▸ WORK TO BE COMPLETED
In the entries below, begin at the line with "Quadro di A." and stop after the line with "이번 공모는 지역 주민과"; output those lines exactly and omit the pictures.

[Data records]
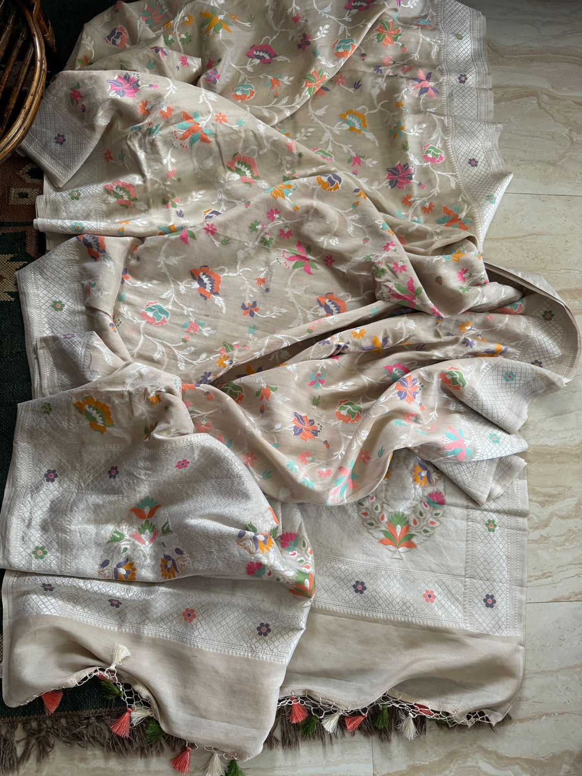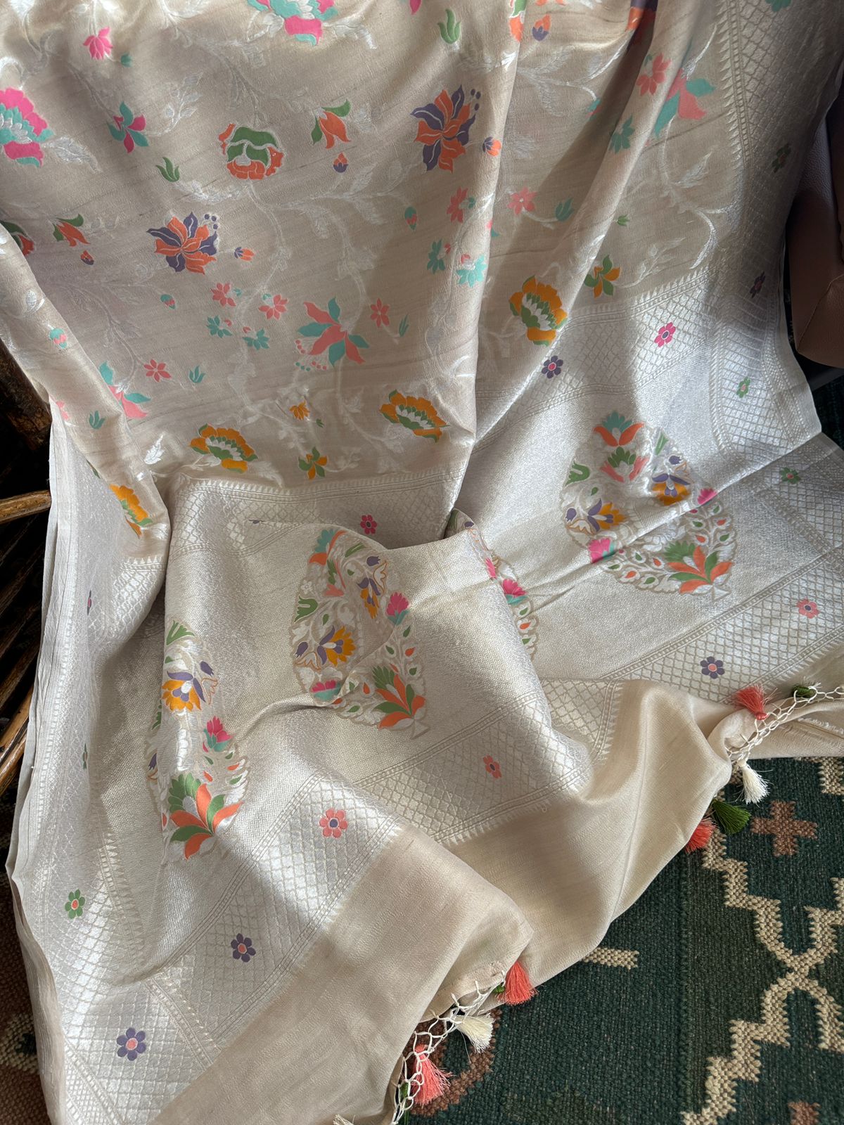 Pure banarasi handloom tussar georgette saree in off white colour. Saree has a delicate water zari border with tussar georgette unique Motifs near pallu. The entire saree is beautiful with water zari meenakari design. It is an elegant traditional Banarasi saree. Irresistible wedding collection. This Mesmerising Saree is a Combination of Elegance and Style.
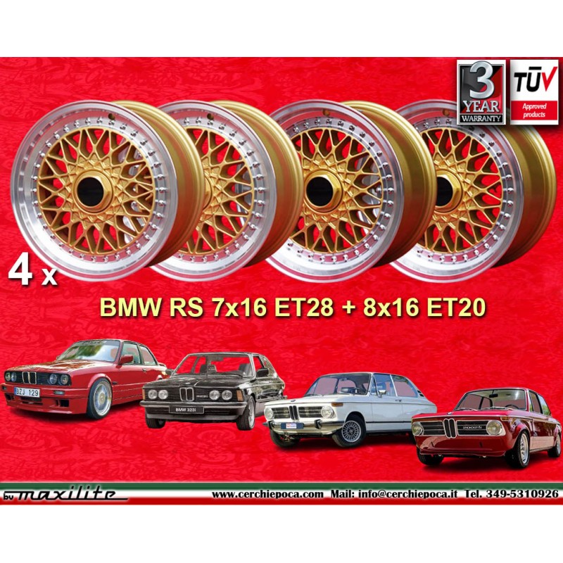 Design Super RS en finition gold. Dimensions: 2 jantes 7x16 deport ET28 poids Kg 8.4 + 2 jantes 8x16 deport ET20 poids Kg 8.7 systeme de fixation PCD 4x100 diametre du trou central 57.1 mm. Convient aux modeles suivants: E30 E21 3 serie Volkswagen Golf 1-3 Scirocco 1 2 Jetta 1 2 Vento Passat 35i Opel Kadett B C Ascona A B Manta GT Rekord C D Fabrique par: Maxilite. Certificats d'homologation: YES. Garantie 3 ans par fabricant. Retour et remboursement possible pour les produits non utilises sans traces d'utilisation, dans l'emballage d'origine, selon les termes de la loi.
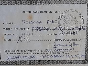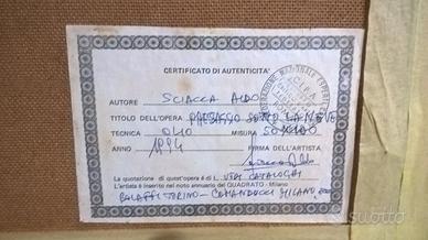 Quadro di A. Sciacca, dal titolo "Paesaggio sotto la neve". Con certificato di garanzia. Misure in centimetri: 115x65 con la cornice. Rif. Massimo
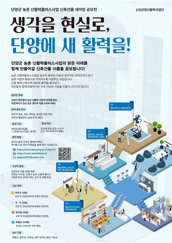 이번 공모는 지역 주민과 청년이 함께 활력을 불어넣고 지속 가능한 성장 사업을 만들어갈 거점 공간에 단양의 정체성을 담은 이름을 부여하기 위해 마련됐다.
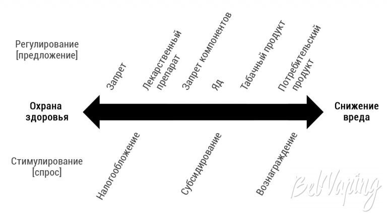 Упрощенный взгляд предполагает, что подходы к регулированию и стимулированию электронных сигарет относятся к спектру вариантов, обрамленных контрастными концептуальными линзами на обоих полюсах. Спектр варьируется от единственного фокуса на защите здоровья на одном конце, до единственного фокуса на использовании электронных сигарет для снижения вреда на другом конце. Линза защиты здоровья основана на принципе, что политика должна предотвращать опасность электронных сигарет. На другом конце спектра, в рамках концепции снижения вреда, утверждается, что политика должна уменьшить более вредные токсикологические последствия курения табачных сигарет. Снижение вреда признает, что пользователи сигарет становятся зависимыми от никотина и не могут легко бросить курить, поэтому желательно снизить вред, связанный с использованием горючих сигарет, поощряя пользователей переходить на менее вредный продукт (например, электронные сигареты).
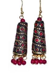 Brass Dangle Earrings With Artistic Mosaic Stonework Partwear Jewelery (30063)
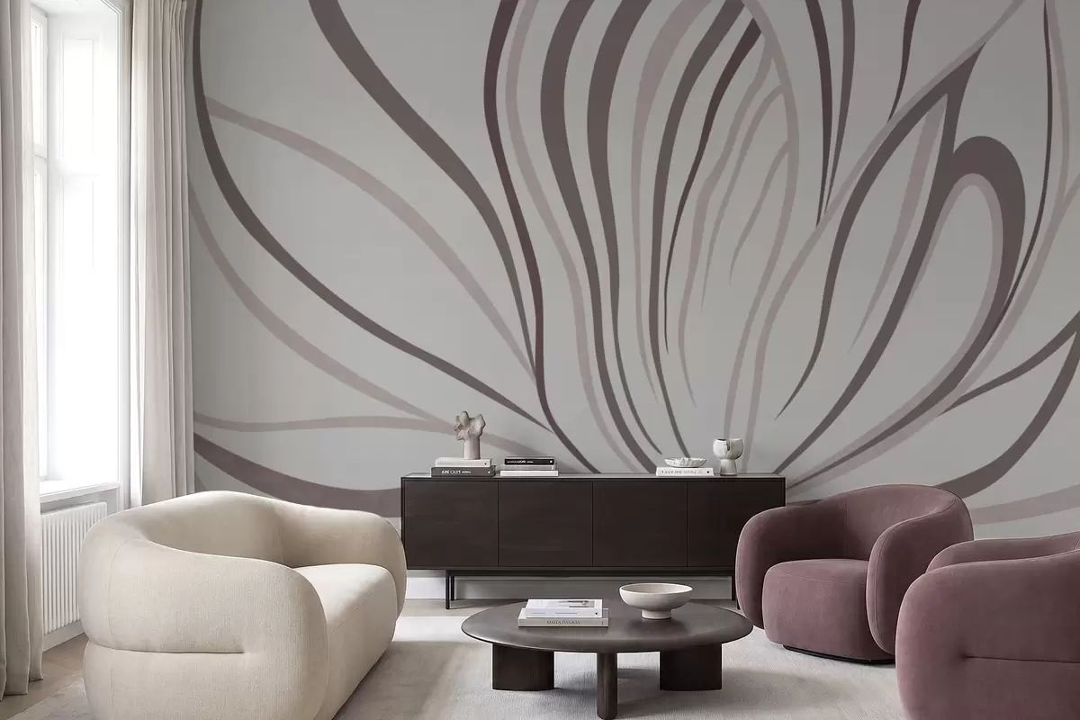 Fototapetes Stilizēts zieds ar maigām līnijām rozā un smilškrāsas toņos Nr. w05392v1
* * *
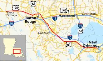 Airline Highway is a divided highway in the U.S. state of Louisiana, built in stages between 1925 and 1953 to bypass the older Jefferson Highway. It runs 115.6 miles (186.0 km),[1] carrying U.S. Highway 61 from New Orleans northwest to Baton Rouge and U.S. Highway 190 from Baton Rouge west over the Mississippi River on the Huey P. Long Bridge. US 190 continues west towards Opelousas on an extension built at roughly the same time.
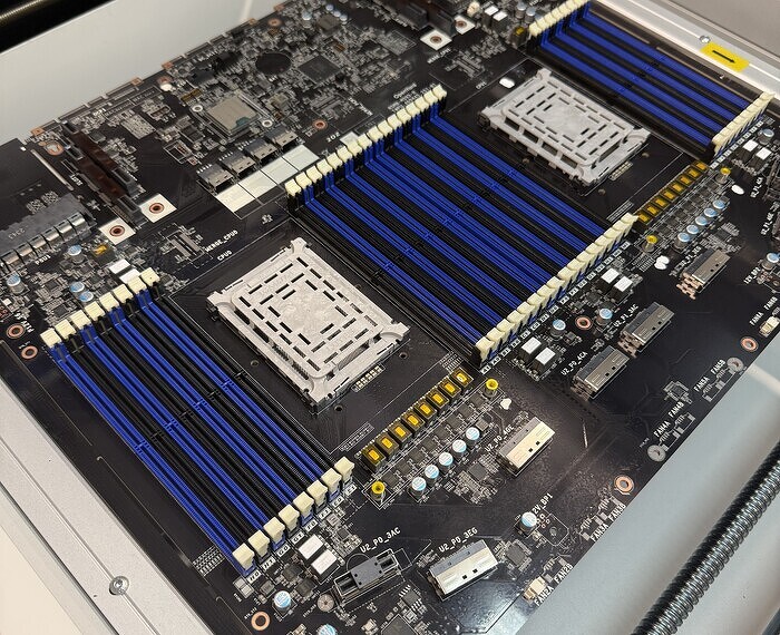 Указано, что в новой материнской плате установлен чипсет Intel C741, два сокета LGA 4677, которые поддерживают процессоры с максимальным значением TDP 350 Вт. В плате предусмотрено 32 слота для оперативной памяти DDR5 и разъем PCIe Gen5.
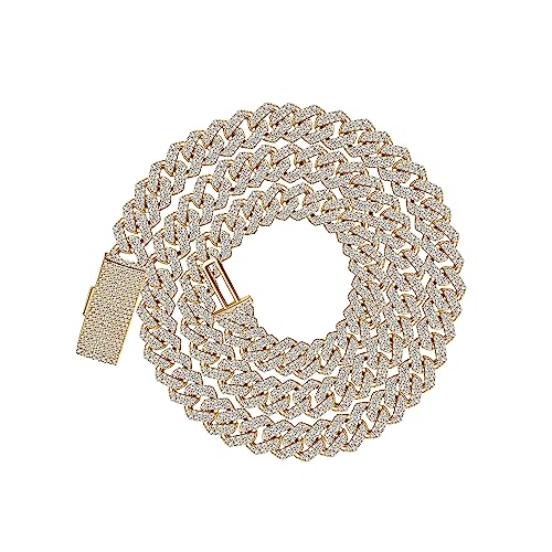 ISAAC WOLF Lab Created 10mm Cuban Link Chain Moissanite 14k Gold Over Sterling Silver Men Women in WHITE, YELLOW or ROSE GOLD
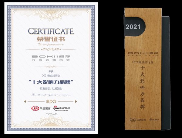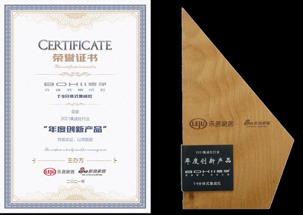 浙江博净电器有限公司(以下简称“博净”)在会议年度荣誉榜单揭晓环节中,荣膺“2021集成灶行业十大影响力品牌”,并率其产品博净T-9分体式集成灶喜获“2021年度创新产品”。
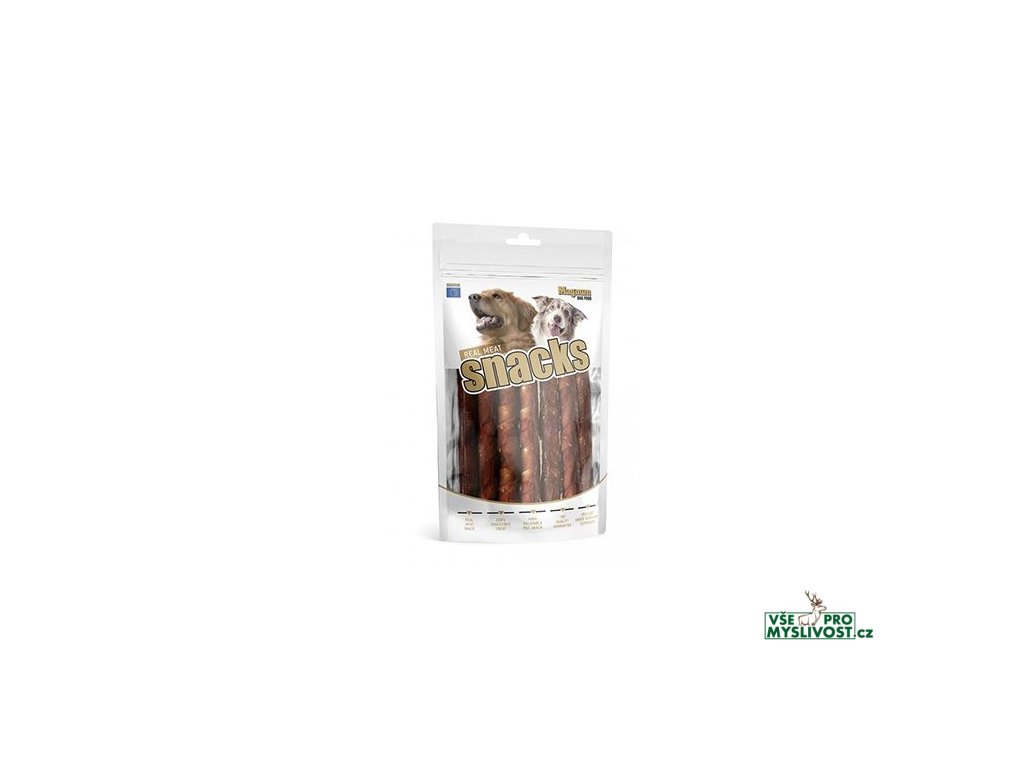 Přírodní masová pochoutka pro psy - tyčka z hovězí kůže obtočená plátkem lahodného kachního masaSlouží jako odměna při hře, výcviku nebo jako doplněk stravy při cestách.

▸ OUTPUT
 Quadro di A. Sciacca, dal titolo "Paesaggio sotto la neve". Con certificato di garanzia. Misure in centimetri: 115x65 con la cornice. Rif. Massimo
 이번 공모는 지역 주민과 청년이 함께 활력을 불어넣고 지속 가능한 성장 사업을 만들어갈 거점 공간에 단양의 정체성을 담은 이름을 부여하기 위해 마련됐다.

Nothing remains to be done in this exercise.